The Crypto Crash Will Make This “Boring” 7.3% Dividend a Fan Favorite

The Crypto Crash Will Make This “Boring” 7.3% Dividend a Fan Favorite

Crypto is a mess, and many (former) crypto fans are finally realizing that shares of companies that make goods and services people actually want—and pay dividends—are the place to be.

Of course, that’s no secret to those of us who know about closed-end funds (CEFs), many of which hold these companies and pay us rich dividends, often yielding north of 7%. To us, crypto is just the latest “investment” that held out the promise of building wealth faster than “boring” stocks ever could—and failed to deliver.

You might have even heard that crypto is a great inflation hedge. Anyone who bought Bitcoin based on that idea is now struggling with 71%+ inflation as their money literally disappears before their eyes!

Bitcoin Fails (Miserably) to Live Up to the Hype

I guess Bitcoin holders can take some (cold) comfort in the fact that they didn’t go big on the thousands of cryptocurrencies that have gone to zero, like Terra, eBit, San Coin, Lucifer Coin, Meta Legends, RhbCoin or OneCoin.

If anything, it seems pretty clear that betting on crypto was just that—betting. Over half of Bitcoin investors have lost money, according to one study, while another puts that figure closer to two-thirds.

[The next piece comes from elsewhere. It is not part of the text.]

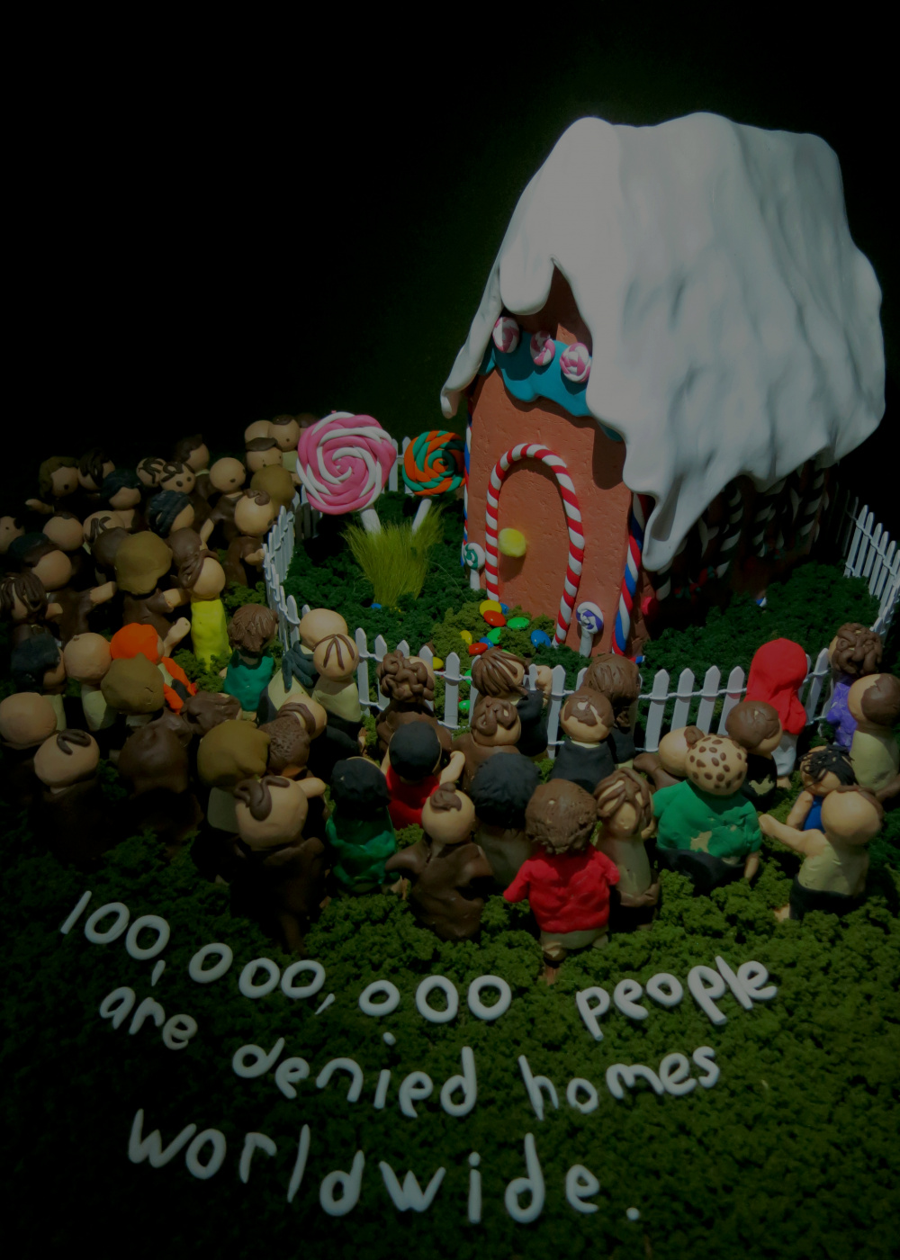 Poster for tomorrow's 5th annual call for entries, campaigning for the universal right to housing.

Those losses aren’t likely to reverse soon, either. Too many potential buyers are turned off as they see more evidence of market manipulation, a rising number of lawsuits against crypto-peddlers and more crypto exchanges shutting down (Crypto.com, Cryptopia, Coinnest), losing clients’ money (Binance, Africrypt, Mt. Gox) or refusing to let clients withdraw their cash (Binance, Celsius).

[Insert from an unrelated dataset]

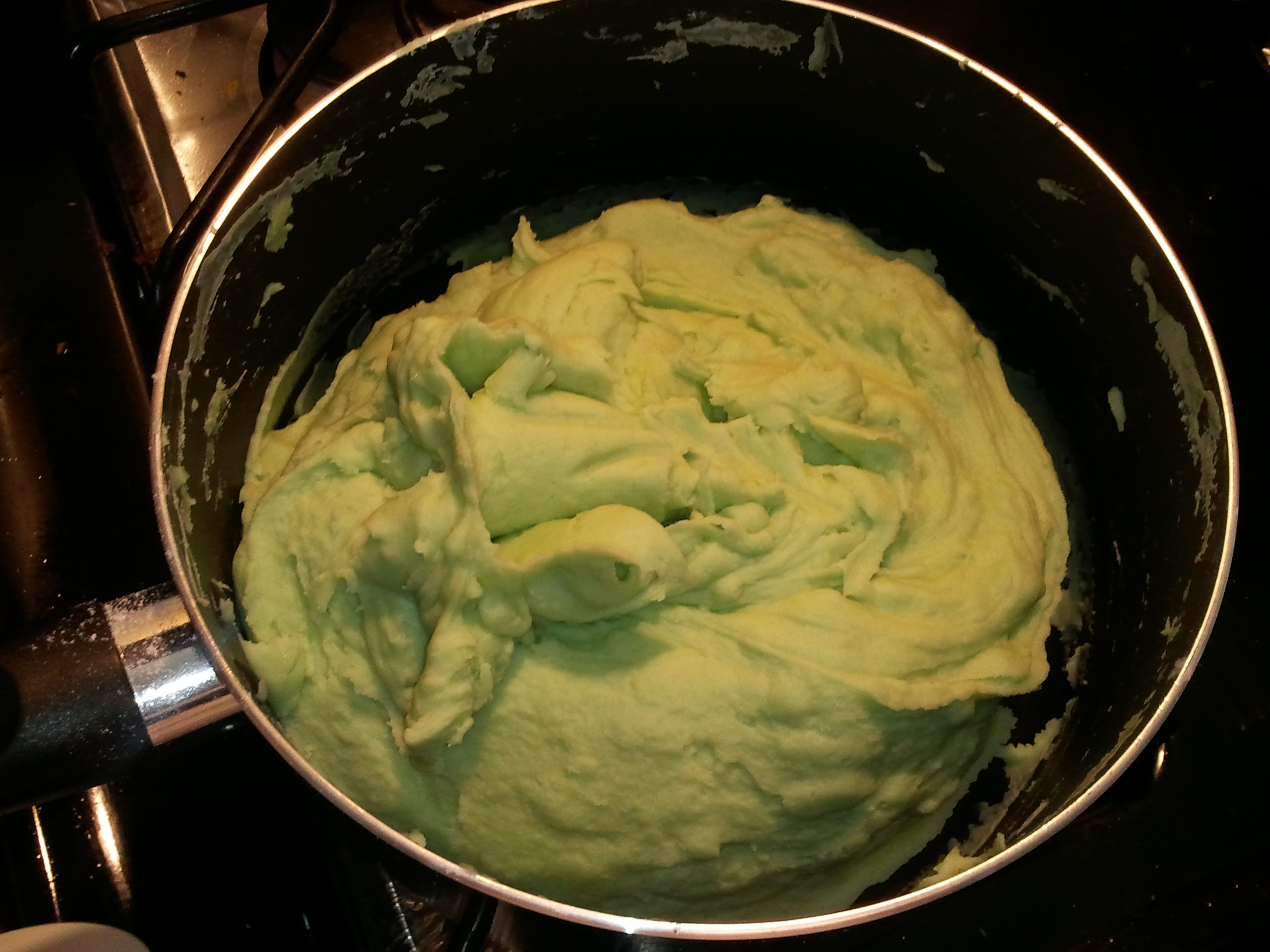 Since K wanted to help me make it, we decided it would be best to make the “popcorn” be rectangles, because she’s “not very good at cutting circles, but is very good at cutting rectangles.” So, I measured out the posterboard into 2″ x 4″ rectangles. Since it was 22″ x 28″, I got 77 rectangles total. I cut the first 7, then K went to work on the rest.

While some cryptocurrencies may recover in the future, right now, it seems that the promises of Web 3.0 are empty, and investors who want to have money for themselves and their future need to look elsewhere.

Why Stocks—and 7%+ Yielding CEFs—Always Win Over Speculations Like Crypto

The crypto massacre stands in sharp contrast to the stock market, which, over the last 33 years, has given investors an impressive 9.7% annualized return, on average, even after the recent downturn.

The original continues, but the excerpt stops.